Many of the enquiries we receive are about one aspect of running Britain’s rail network in particular: vegetation management. In this feature, we take a look at how we balance the careful relationship between nature, the views of communities, and our commitment to keeping the railway safe and reliable.


How we manage trees, bushes and wildlife trackside is an issue close to people’s hearts, especially for our lineside neighbours – anyone who lives next to the railway.

Sometimes perceived as simply ‘cutting back trees,’ vegetation management requires detailed assessment, public consultation and a lot of thought into the best way of cultivating a respectful balance between Britain’s lineside biodiversity and ensuring a safe, efficient railway.

Our vegetation management teams across Britain clear trees and foliage to keep the railways safe for passengers and our trackside workers, and to help train services continue to run reliably in all weathers.

Recent winter storms have highlighted the importance of keeping the railway clear of vegetation, with trees that are very tall or in bad condition posing a real risk in high winds, potentially falling and blocking the track or damaging overhead lines, and to enable examinations of earthworks and structures. Any repairs could lead to delays and have knock-on effects on the network.
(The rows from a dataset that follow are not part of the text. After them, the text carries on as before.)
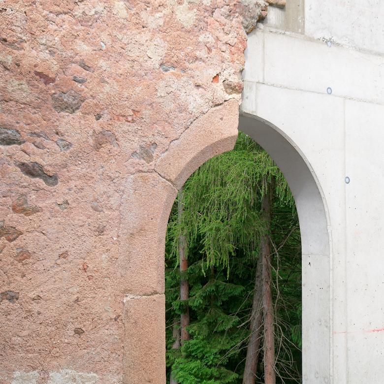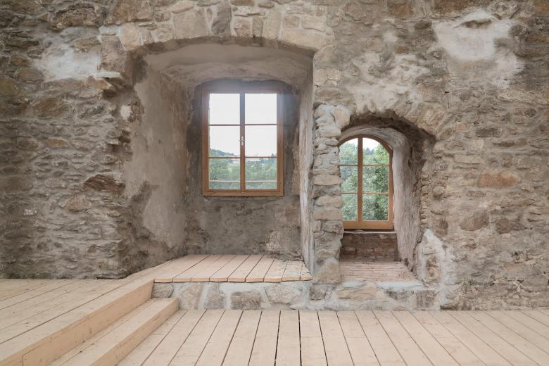 Nun zur Architektur. Die ersten, dringend notwendige Bestandssicherung haben wir behutsam durchgeführt, ohne Wunden in das alte Mauerwerk zu schlagen. Seit nunmehr fast 700 Jahren ist die Baugeschichte der Burg Reichenau einer stetigen Veränderung unterworfen. Unsere Revitalisierung und Adaptierung fügt einen weiteren Baustein hinzu. Die neuen Elemente sprechen aber ganz bewusst die Material- und Formensprache des 21. Jahrhunderts.
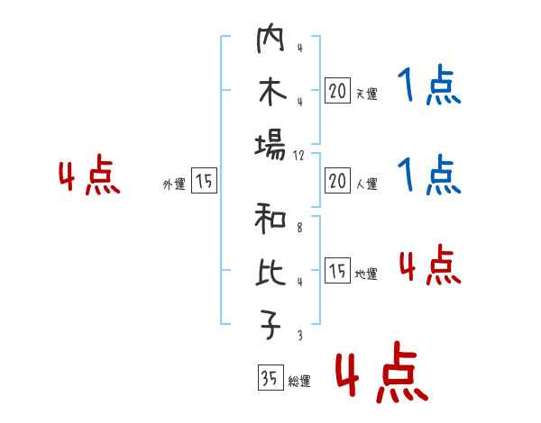 地運![]() | 内木場和比子さんの地運は15画の4つ星!人徳があり出世する。順調に物事を進め円満な人生。 個性を表す基礎的な運勢です。性格形成や対人関係、行動力など家庭環境に影響されます。主に誕生してから20歳くらいまでの若年期の運勢を表します。 |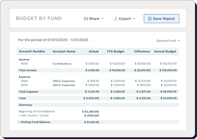 Financial reporting - Generate nonprofit reports, such as a Balance Sheet by Fund or Income Statement by Fund. It includes donation reporting, grant reporting, budgeting reports, and more.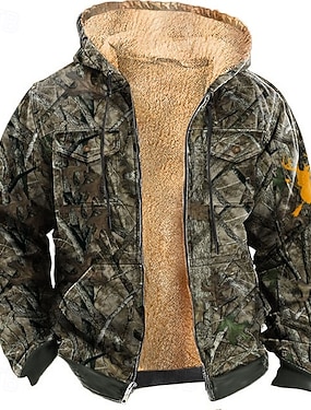 Bărbați camuflaj Culoare Camuflaj Cerb Lână Hanorac cu Glugă Σακάκι Hanorca Modă Misto Zilnic Vintage Retro Manșon Lung Capișon Vânătoare Roșu-aprins Albastru piscină Trifoi Verde Militar Fermoar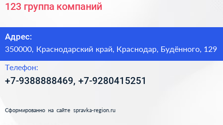 123, группа компаний по адресу 350000, Краснодарский край, Краснодар, Будённого, 129 в дальнейшем Организация, размещена в следующих категориях:

Trees and branches could also potentially collide with trains, and so pose a safety risk for passengers.

Vegetation management is a long-term strategy that also saves on costs. Reacting to damage caused by trees falling on the line, and the resulting delays, costs far more than the investment required for planned work.


Vegetation: Quick Facts
  • There's 20,000 miles of railway in Britain, and an estimated 2.5 million trees alongside much of it 
  • In 2013-2014 there were 1,800 incidents with trees that disrupted the network

Multiple teams; one aim

Vegetation management is more than just the work of one team – it’s a co-ordinated effort between different professionals within Network Rail’s route teams.

Throughout the year, our maintenance teams trim back any plants that are starting to encroach on the railway, and which haven’t yet been cleared as part of our vegetation programmes. This is a temporary measure before our specialist vegetation teams can begin their work.

Project teams will also clear vegetation to make space for new infrastructure, or so that they can carry out work safely.


Above: Orange Army teams work to clear vegetation during a line possession

Before the work starts

Our vegetation programme is carefully planned before work begins on site, sometimes years in advance.

We use our specially developed Geo-RINM viewer – which we’ve developed using data from across Network Rail, and which shows an aerial view of our land, with depth and surface details – to initially scope out the area. This can indicate areas that need attention before we carry out risk assessments of the railway and the existing vegetation on site.

Planning applications are required if the works are in a Conservation Area, and we work closely with local authority tree officers to make sure the correct procedures are followed for any works needed to trees that are subject to tree preservation orders or within a Conservation Area.

Environmental law

Ecological surveys help us to identify any habitats and evidence of legally protected species, so we can identify steps to avoid or minimise the impact of the work on any protected species that may be present.

The ecology reports highlight key indications and evidence of certain species, such as badger setts or potential bat roosts, which all staff on site will be made aware of as part of Works Delivery environmental process.

To advise staff on the ground of minimising and avoiding impacts on protected species, we have controls in place and hold ‘toolbox talks’ with the team working on site, when appropriate.

We take every precaution to make sure that nothing is missed on site, by following a carefully structured process, so we can be absolutely certain that we will avoid and/or minimise harm to our protected species and wildlife habitats.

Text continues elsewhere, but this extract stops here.